Well, first of all, we should point out while the word “innovative” is overly abused throughout business descriptions of small cap ventures, it doesn’t seem out of place when we talk about VPIG. They have developed an online payment system through which parents can let their teenage kids shop online and manage savings and allowances. Generally speaking, children and computers don’t always make for a great combination, but reality is, online shopping is getting more and more widespread. Plus, VPIG tell us that their system is 100% safe and it’s compliant with all the rules and regulations.
Reading through the latest press releases, we can see that the business is expanding.
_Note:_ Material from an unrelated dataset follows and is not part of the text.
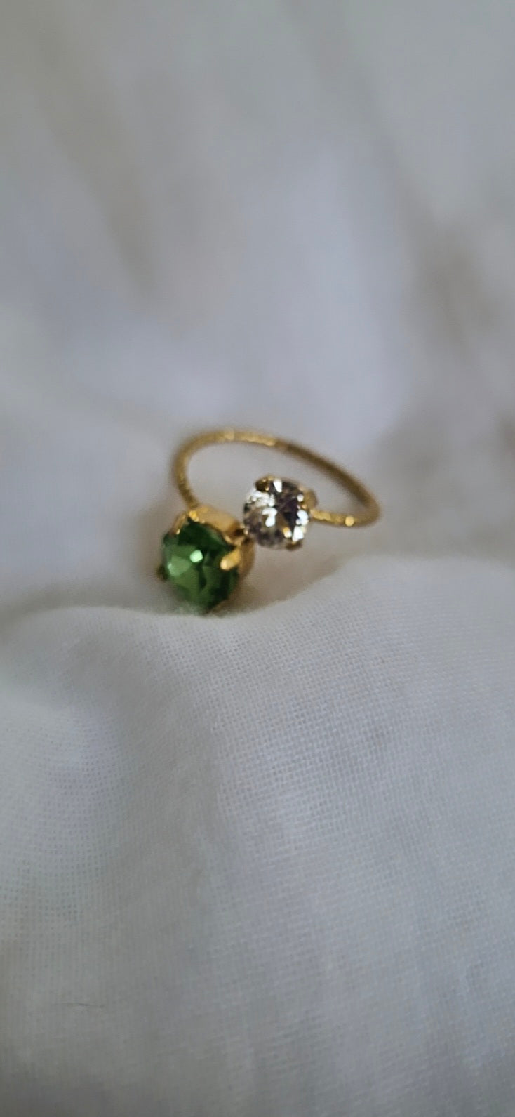 טבעת בציפוי זהב משובצת אבן קריסטל ואבן ירוקה
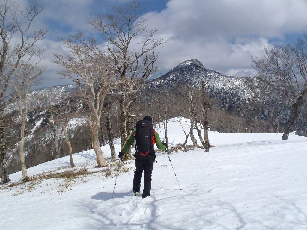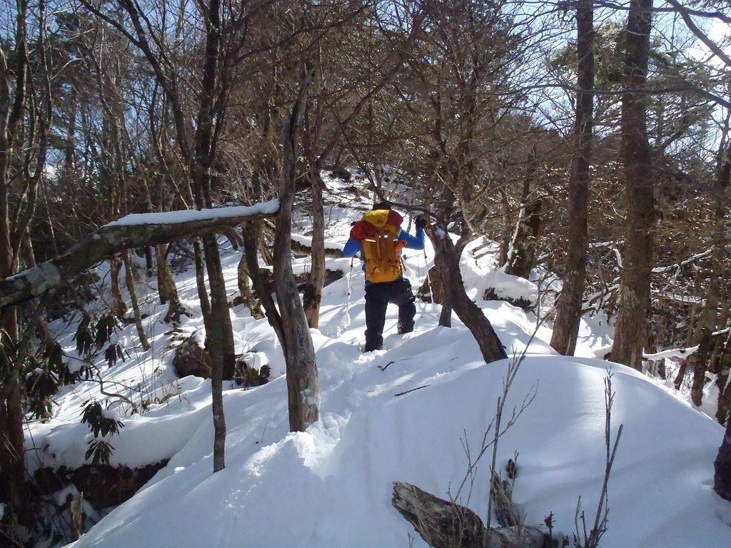 息切れしながらもがんばってくれている登山好人さん。簡単に登れるピークでも雪が重く深ければかなりしんどかった

New people with some impressive CV’s are taking up positions at VPIG and during the first quarter of 2013, shortly after the Virtual Piggy system went live in Europe, they opened a new office in the United Kingdom.
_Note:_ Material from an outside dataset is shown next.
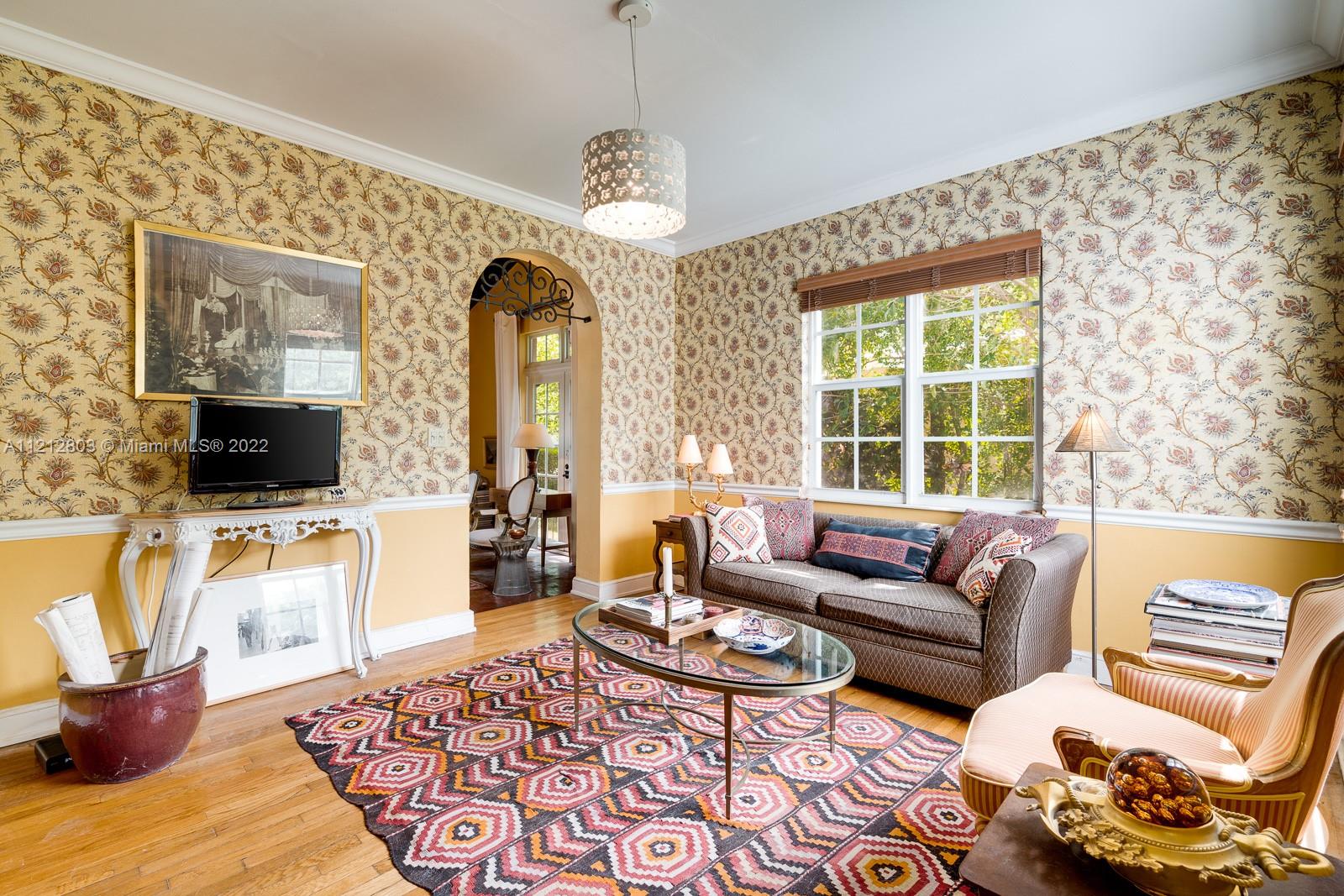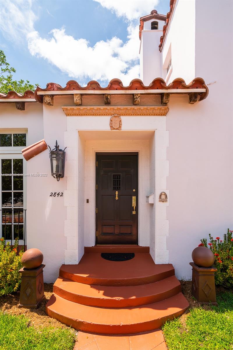 Turn-key, classic 1920's Old Spanish villa within walking distance to the Biltmore Hotel, Salvadore Park and the Venetian Pool. Historically designated landmark home, originally designed by architect, Frank Wyatt Woods. An incredibly charming 3/2.5 home on a manicured 9,450 sq. ft. lot. Vintage charm is enhanced by tasteful renovation, with original details preserved. Grand formal living room with cathedral ceiling, wood burning fireplace with L’Antiquario Antique Encaustic Tile from La Louvier, Belgium, circa 1860-1900, formal dining room, eat-in kitchen, impact windows/doors, butler’s pantry, carport, garage and a laundry room. 1/1.5 on the 1st floor, 2 / 1 on the 2nd floor. Rooftop terrace with incredible view of the Biltmore Hotel tower, a perfect spot to watch 4th of July fireworks!

All in all, at first glance at least, it would appear that the skies are blue for VPIG. It’s a shame that their financial statements fail to reflect the growth. The latest quarterly report covers the first three months of 2013, it was published on May 10 and we have summarized the most important figures below:
- cash: $5.3 million
- current assets: $5.4 million
- current liabilities: $852 thousand
- revenue: $88
- quarterly net loss: $2.6 million
We can understand that they are still not ready with a steady revenue stream, but the fact remains that the sales figure in the report for the same period of 2012 hovers around $1,200 which is still not great, but it is a lot better than the $88. Unfortunately, VPIG are not willing to discuss the cause of the drop in the revenues but they do say that if they manage to stick to their business plan, they should have a more significant flow of proceeds by the end of 2013. The only thing shareholders can do is hope that this will happen and keep their fingers crossed that the ticker’s performance will reflect the progress.
This hasn’t always been the case. Take the end of May and the beginning of June, for example. Just like right now, there was a steady stream of exciting press releases and in one of them we read that a partnership with ClickAndBuy has been agreed upon. This means that VPIG have the opportunity to attract as much as 14 million new users and yet, just four trading sessions after the announcement came out, the shares were around 20% cheaper.
That’s quite a lot of movement in a very short period of time and as we wrote in one of our previous articles, it might be caused by people who got quite a lot of discounted stock through old warrants and in private placements. You will probably know by now that if these shares hit the open market, they will depress the price, not to mention the dilution that they cause considering the fact that profitability is still nowhere in sight.
In conclusion we should point out that unlike the stock of companies like Dephasium Corp (OTCMKTS:DPHS) and American Graphite Technologies Inc (OTCBB:AGIN) who tend to move up only when there’s a paid pump for them, VPIG‘s progress during the last couple of months is driven solely by the investors’ trust in the potential of the company. Still, a penny stock is a penny stock and its volatility should never be underestimated.